José António Barreto Travassos (22 February 1926 – 12 February 2002) was a Portuguese footballer who played as a forward.

Club career
Born in Lisbon, Travassos joined Sporting CP in 1946 from G.D. CUF. During his spell with the club, he appeared in 321 games in all competitions and scored 128 goals, being part of an attacking line dubbed Cinco Violinos (Five Violins) that also included Albano, Jesus Correia, Fernando Peyroteo and Manuel Vasques and winning eight Primeira Liga championships and two Taça de Portugal trophies.
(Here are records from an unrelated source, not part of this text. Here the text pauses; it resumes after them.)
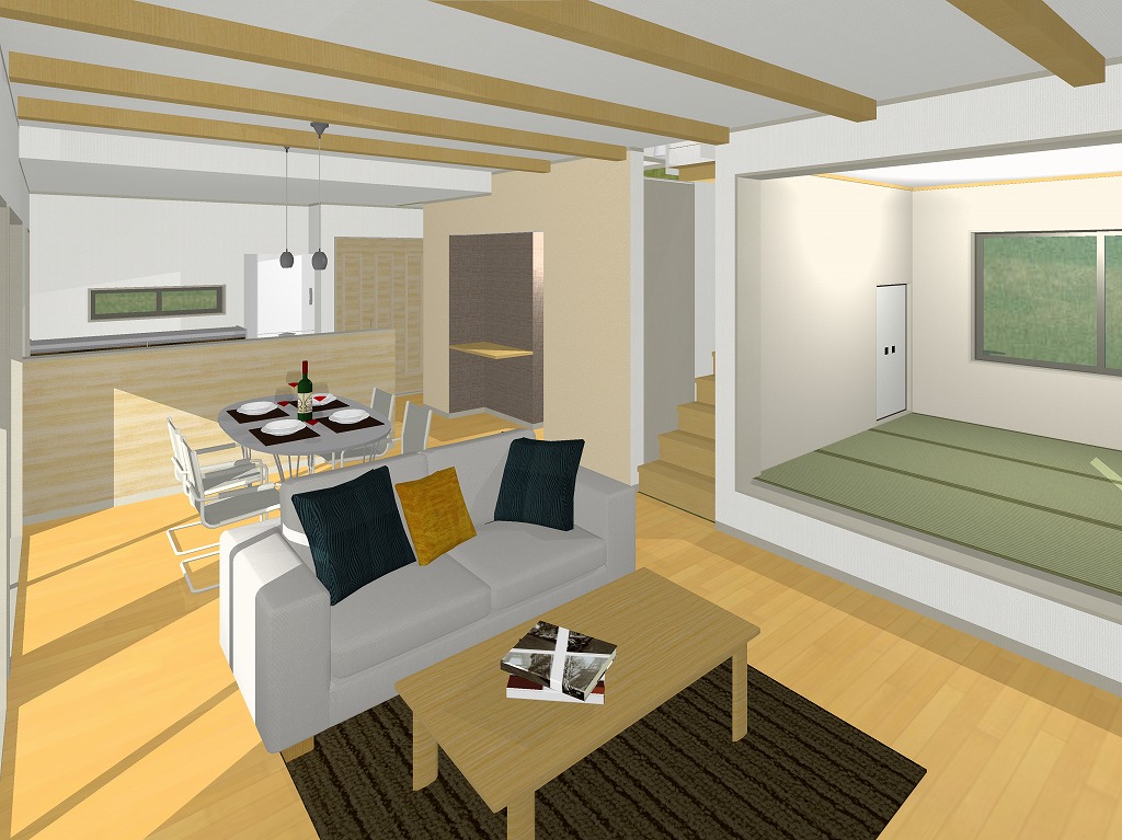 小上がりの和室が空間に変化をつけています。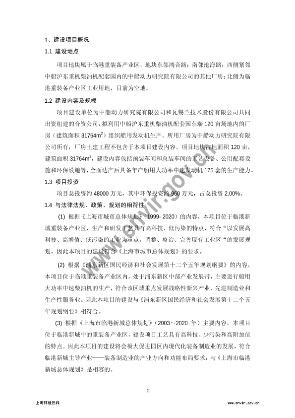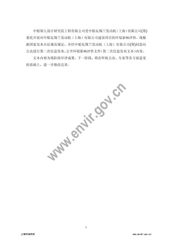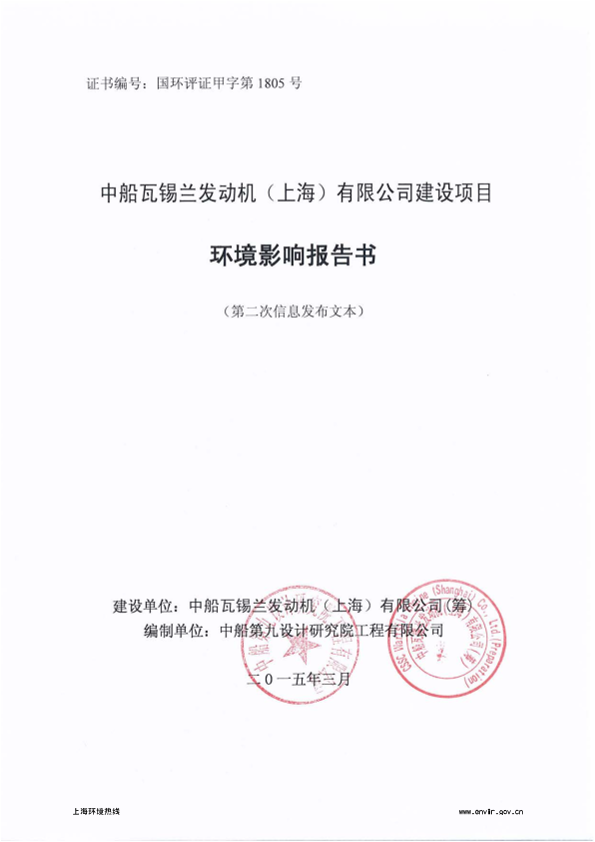 1、中船瓦锡兰发动机(上海)有限公司建设项目环境影响评价报批前公示2765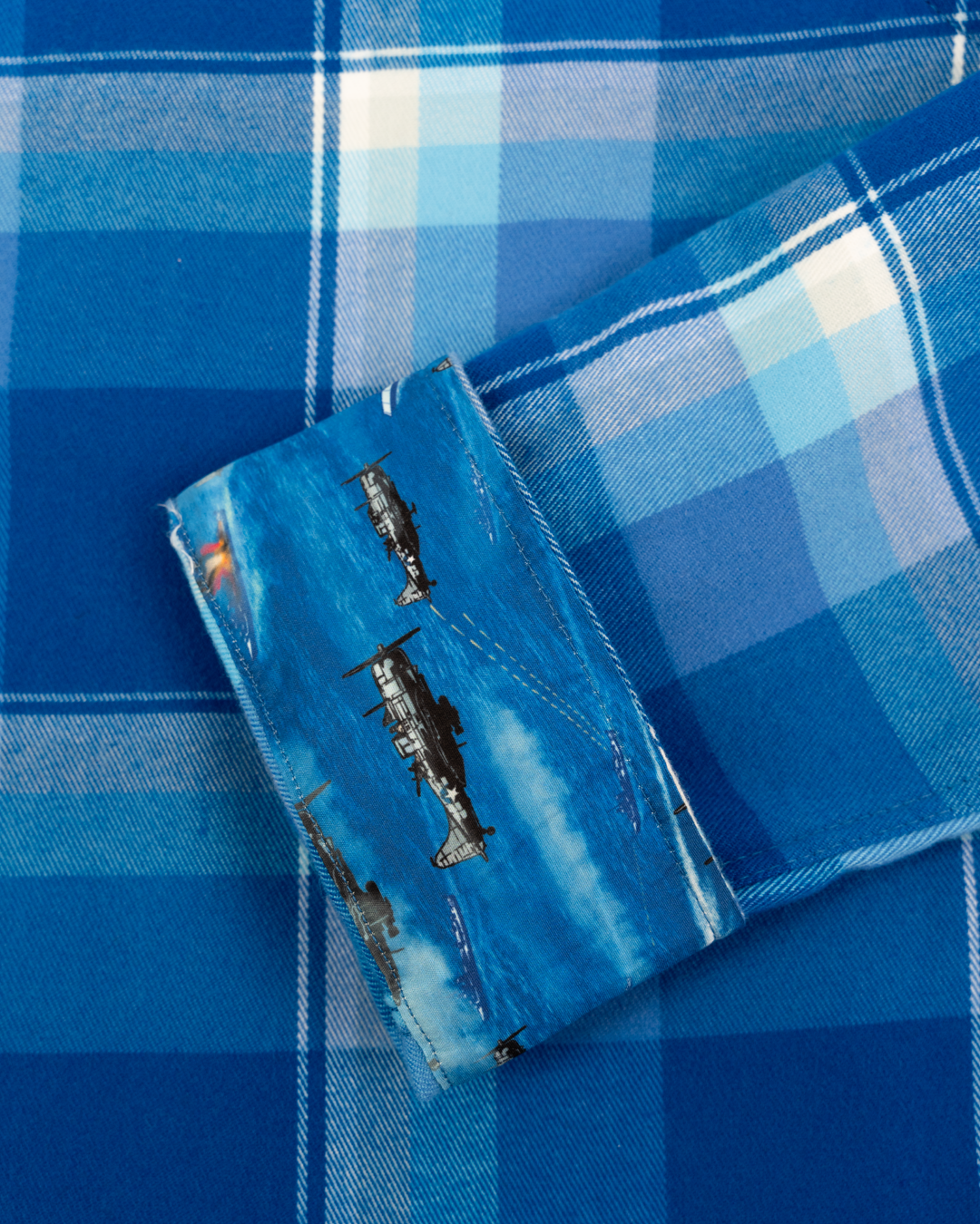 98% polyester 2% spandex, true to size, custom designed cuff and yoke.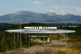 Radiomaják typu VOR/DME Vigra (Ålesund), v pozadí stejnojmenné letiště.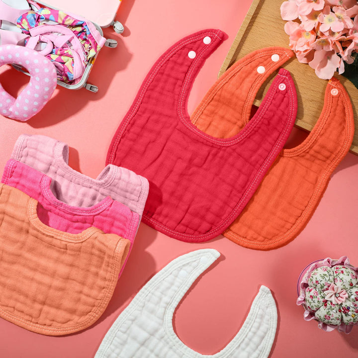 - Original Bibs & Burp Cloths Sets – 6 Pcs Muslin Bibs Baby Burping Cloth Teething Bibs Bandana Bibs 6 Absorbent Layers Muslin Bibs for 6 Month+ Baby (Pink Series) by Frienda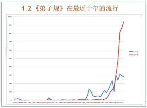 那么我们来看看,它是从何时开始被捧高的。我们看这张图,是中国期刊网上以“弟子规”和“三字经”分别为关键词进行检索的结果。从1956-2000年之间几乎没有人提到弟子规,但从2004年开始,它就飞速上涨,到2008年曝光率超过“三字经”。2004年之后的十年间,“三字经”的使用率膨胀了2.4倍,而“弟子规”的使用率膨胀了70倍。它在文献数据库中的检出率对应着它在社会上的知名度,在最近十年里,远远超出《三字经》和《论语》。台湾的情况也差不多,台湾师范大学的刘雅苓就说,《弟子规》研究,是到民国八十八年(2000)才得到重视。

In the 1948–49 season, Travassos netted a career-best 16 goals to help the Lions to win the domestic league ahead of S.L. Benfica. He retired in 1959 at the age of 33, dying in his hometown at the age of 75.

International career
Travassos won 35 caps for the Portugal national team over 11 years, scoring six times. His debut came on 5 January 1947 in a 2–2 friendly draw against Switzerland in the Portuguese capital and, 21 days later and in another home exhibition game, netted a brace to help defeat Spain 4–1.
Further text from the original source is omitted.